World political leaders still have an axe to grind with business. Corporations are still sitting on a vast cash-stash, and don't seem to me in a hurry to invest.
The same is true of cross-border investments. From a low level in 2012, they are eking out very modest growth thus far in 2013. Will business hesitation hold back the world economy indefinitely, or is there hope that things will turn around?
Global foreign direct investment (FDI) plunged by a stunning 33 per cent in 2009 as the world tumbled into the Great Recession. However, by 2011 solid growth lifted FDI up to a level just 9 per cent below the 2008 level. Something spooked investors in 2012, though, shoving FDI back down by 18 per cent. In the first half of 2013, FDI is up, but by a slim 3.8 per cent. Seems like we have waited a long time for a resurgence, only to get a relapse. Is it temporary, or are we in trouble?
So far this year, weakness is widespread. Collectively, emerging markets are growing 8.8 per cent, but take away the impressive gains in Russia and Mexico, and total FDI is actually contracting by 5.5 per cent across a broad swath of markets. Together, developed-market FDI is down 12 per cent in the first half of the year, with few gainers. Five years beyond the crisis-point, the figures aren't comforting.
Is there a good explanation for current performance? Discouragement could be a factor - after all, five years is a long time to wait for true recovery. Yet business confidence numbers argue against gloom. Could it be the nascent slowdown in emerging markets? Perhaps, but that doesn't explain either the isolated aggressive gains or the developed-market losses. Is it the multiple, potentially havoc-wreaking global risks that followed the recession? Maybe, but they have recently moderated.
Maybe it's China's fault. After all, its labour markets are tightening, dissuading companies scanning the globe for sources of abundant, inexpensive workers. But if so, we would see evidence of that investment going elsewhere, and to date, that's not obvious in the numbers. Moreover, FDI to China actually posted a reasonable gain in the January-June period. Could it be access to credit? Possibly, but if companies really want to invest, they have the cash. So far, none of these typical factors that stymie investment makes a compelling case for sluggish FDI performance.
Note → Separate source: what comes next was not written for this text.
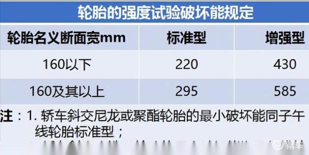 试验室温度应保持在18℃~36℃;其他试验条件、试验方法按照GB/T4053-1996中相应规定执行,试验后轮胎的强度试验破坏能应不低于下表中规定。
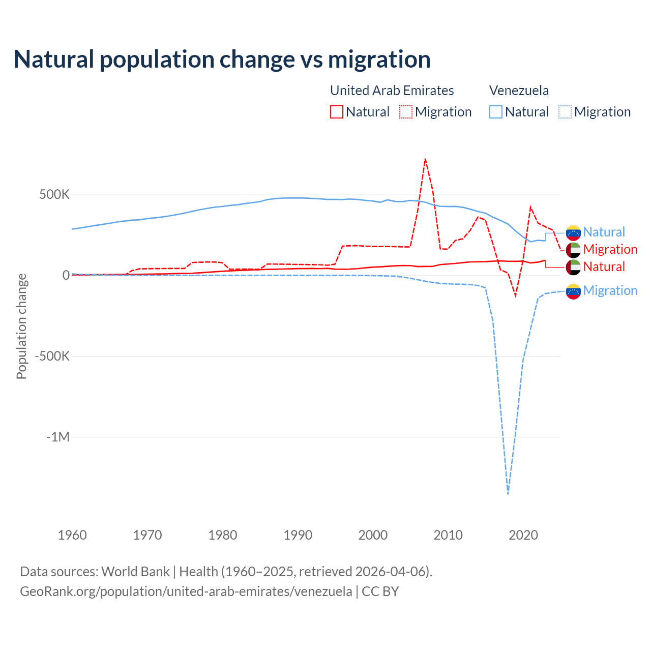 Over the last 10 years, 30.5% of the population change in the United Arab Emirates is from natural causes (a gain of 857,996 people) and 69.5% is from migration (a gain of 1,958,520 people). In Venezuela 38.6% is from natural causes (a gain of 2,946,257 people) and 61.4% is from migration (a loss of 4,683,227 people).

Truth be told, the hesitation in current FDI is likely more normal than not. Businesses typically invest when they are convinced that they have to in order to process the inflow of orders. When they have spare capacity - as they did in spades following the recession - they hold back until they've used it up. They thought that was the case in 2010 and 2011, when massive stimulus created the illusion of a recovery - but that faded fast, leading to today's tepid FDI activity. They will invest again - but only when an upsurge of activity compels them to. Until then, we'll have to be content with what we get.
Fortunately, Canada is one of the few that is bucking the global trend. Thus far in 2013, FDI inflows are up 44 per cent, and the recent $36 billion Petronas announcement, together with interest from other sources, bodes well for future growth. Canada's rich resources, solid economic structure and economic prospects will likely remain an effective magnet for future foreign investment.
The bottom line?
UNCTAD's mid-year checkup of foreign investment flows is uninspiring - but thankfully, those flows aren't an economic bellwether. As global activity picks up, so too will investment flows. Widespread aging of the population suggests that FDI will play an even greater role in the next economic cycle, as international sourcing of labour is added to the list of reasons to do it.